As we have discussed elsewhere, Franz Boas and John Dewey were intellectual and political allies at Columbia University for over thirty years.1 Dewey advocated for an increased role of anthropology (and other sciences) for philosophical insight, and he often used anthropological knowledge as a starting point for his ethics and politics, including such knowledge as learned from Boas. We hold that Boas and Dewey shared a common core understanding of human global and evolutionary diversity, and that this shared understanding itself forms a core component of their progressive projects.

However, with regard to the problem of racism in the United States, Boas and Dewey had different engagements. Boas made the questioning of scientific racism a central feature of American anthropology, while Dewey barely addressed the problem in his writing.2 Nonetheless, as far as political activism is concerned, both Boas and Dewey were involved in the NAACP and pushed for political amelioration of social inequality through education and civil rights. In what follows, we examine the intellectual milieu of Boas and Dewey in order to problematize the ideal and idealized relationship between critical scholarship and socio-political engagement with race. We aim to elucidate part of the socio-cultural context in which much scholarship engages the problem of racism—both in the past and today. In this paper, we first describe how a general anthropological understanding of human global-evolutionary diversity is a significant aspect of the scholarship of both Boas and Dewey. We then briefly trace their engagements with racism in the United States, after which we analyze the socio-cultural factors that limited the anti-racism of Boas and Dewey. We propose, finally, a pragmatist anthropological approach to the question of race-building upon existing philosophical and anthropological studies. [End Page 126]

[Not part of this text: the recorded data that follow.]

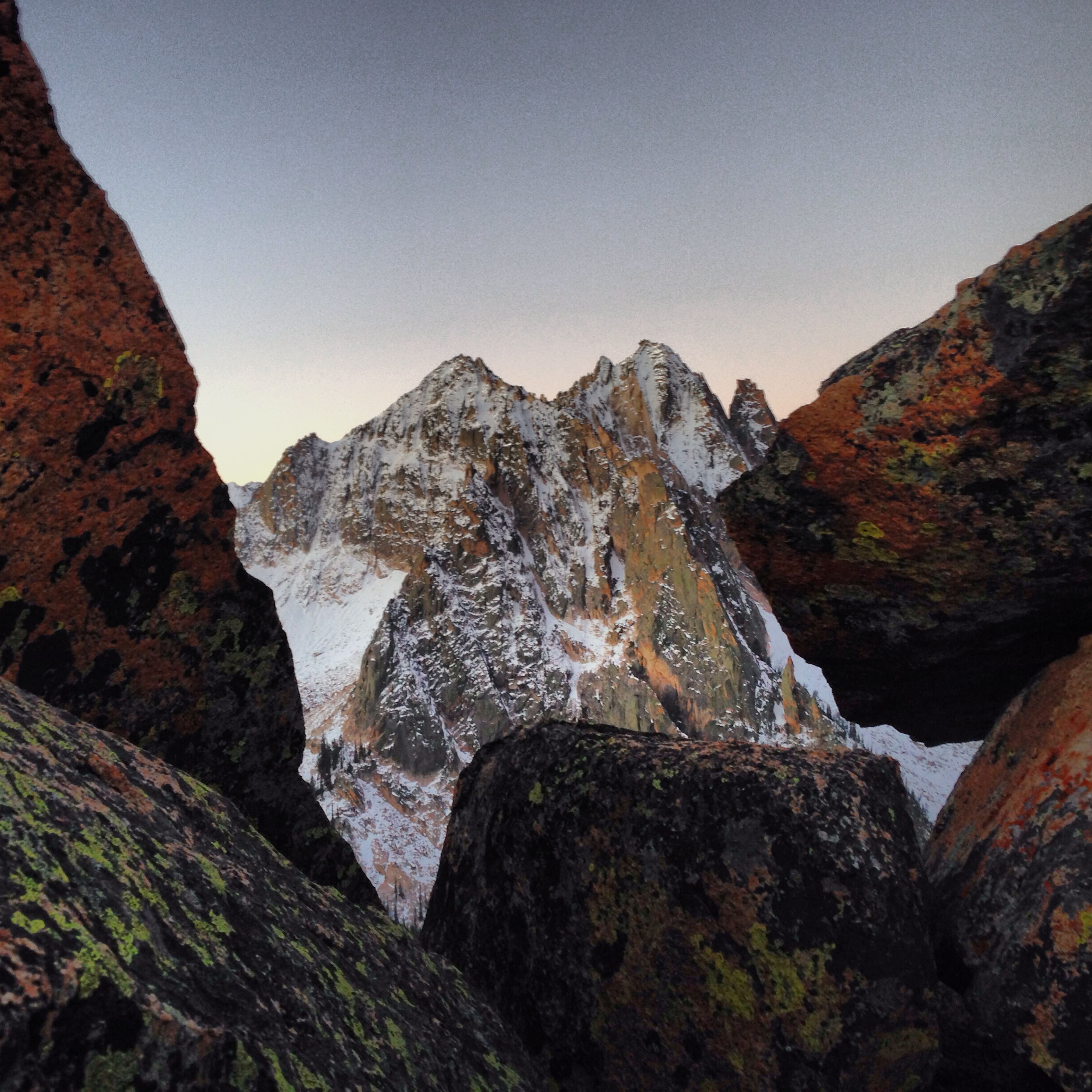 Bummed we won’t be climbing but enjoying the view and appreciating the fact that we didn’t have to wake up at 3, we laid our pads on the rocks (no, it wasn’t comfortable) and got into our sleeping bags as we prepared dinner, noticing the wind picking up and clouds moving in. As we went to sleep while it began to lightly snow, we joked about how exposed we were, with no tent, surrounded by snow and rocks, at 10,000′. We laughed and then tightened up our sleeping bags, going into mummy mode.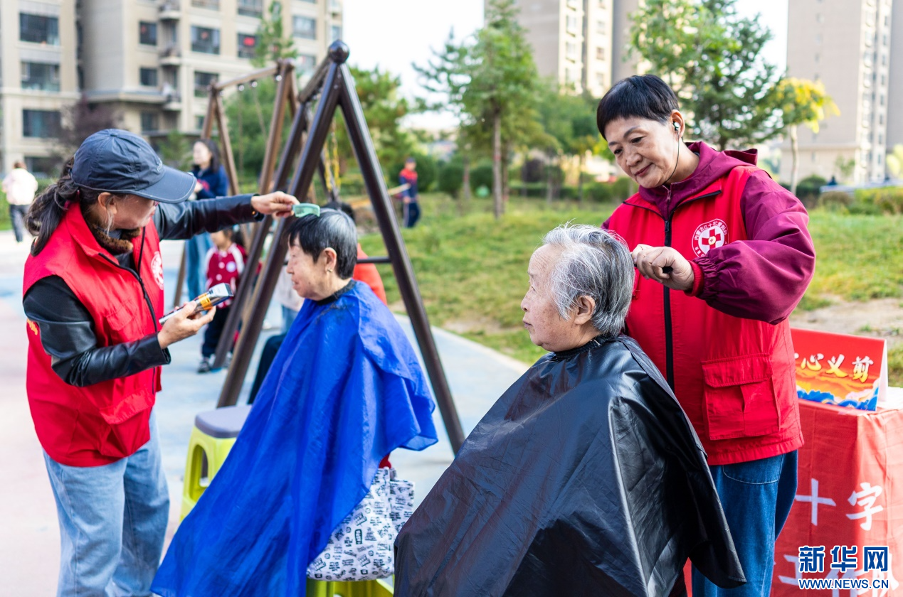 10月14日,呼和浩特市玉泉区“文明市集”主题活动现场,内蒙古红十字仁爱妈妈志愿服务队队员为居民义剪。新华网发(丁根厚 摄)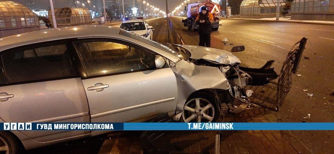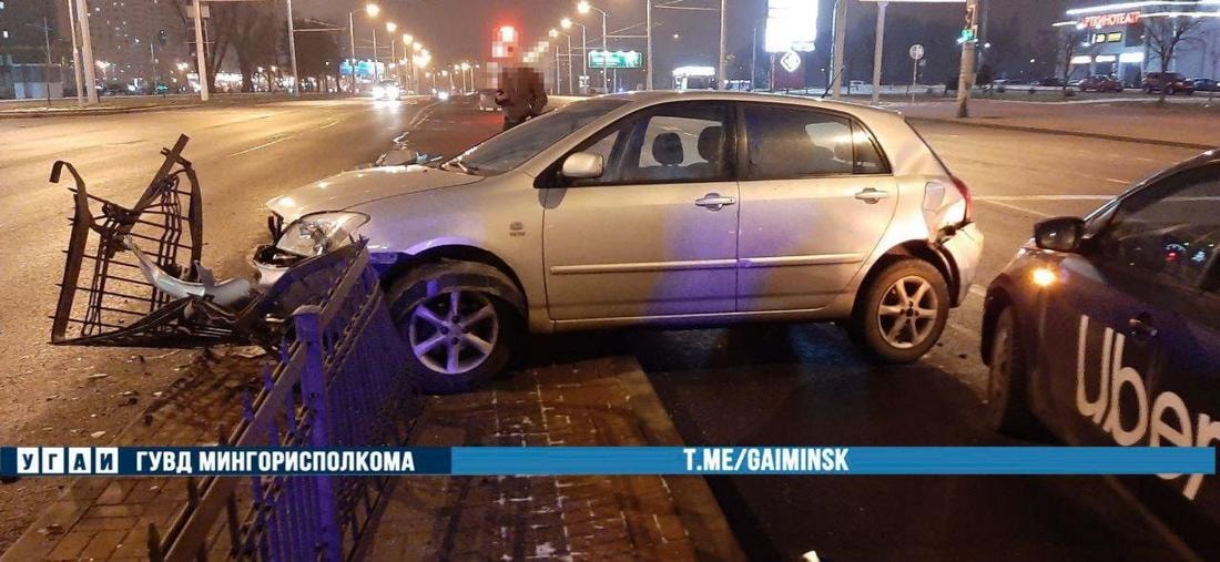 — В воскресенье вечером 20-летний водитель, управляя автомобилем Toyota, двигался по проспекту Дзержинского со стороны улицы Чюрлениса в направлении улицы Голубева. В какой-то момент молодой человек не справился с управлением, выехал на разделительную полосу и снес несколько пролетов металлического ограждения, затем врезался в опорную мачту светофора. Далее, продолжив движение, Toyota протаранила встречный Volkswagen, — рассказала старший инспектор отдела ГАИ Московского РУВД Любовь Трепашко.

II. The Dissonance between Global and Local Diversity

Some have criticized Boas and Dewey for their approach to questions of race, particularly as it pertains to what we will broadly call here the problem of attainment of civilization, which refers to differential attainments of an ideal state of society. Thomas Fallace argues that Dewey did not embrace a pluralistic understanding of culture until the 1910s—suggesting that he accepted the linear historical narratives of evolution that placed Western civilization above all others.3 On the other hand, Vernon Williams questions Boas’s anti-racism as limited because of statements he made about primitive peoples and US Blacks as not having attained the same level of civilization as Whites (Rethinking Race). More significantly, Williams argues that Boas’s shift from a racial to a cultural paradigm for understanding human diversity was still entrenched in the assumption that Euro-American peoples enjoyed (in Boas’s time) a higher level of civilization. For both Boas and Dewey, the problem of attainment of civilization meant that, regardless of a substantial change in how they understood the configuration of human diversity, they both implicitly and explicitly assumed that their Euro-American cultural existence was the most ideal state of existence in the world.4

In 1894, Dewey taught a course entitled “Anthropological Ethics.”5 Dewey’s notes for this course demonstrate that he was well versed in anthropological knowledge and employed it as the starting point for ethics—and he was sharply critical of Herbert Spencer’s social-evolutionary method (Dewey, “Anthropological Ethics”).6 Dewey continued to use anthropological knowledge throughout his career as a starting point of his scholarship, and, by the 1910s, he had embraced the research of Boas and of Boas’s students as authoritative on human diversity. Boas’s understanding of human diversity is, of course, the foundation of North American anthropology, and his conclusions remain decidedly anti-racist. Indeed, his Mind of Primitive Man (1911) constitutes an extended argument against the idea of intrinsically lower and higher races, and this argument was seminal in shifting anthropology’s emphasis from assumed immutable biological categories to an approach interpretive of humans by way of contingent cultural factors.7 Boas argued that there is no necessary connection between culture, language, and race—and that there is no essential difference between so...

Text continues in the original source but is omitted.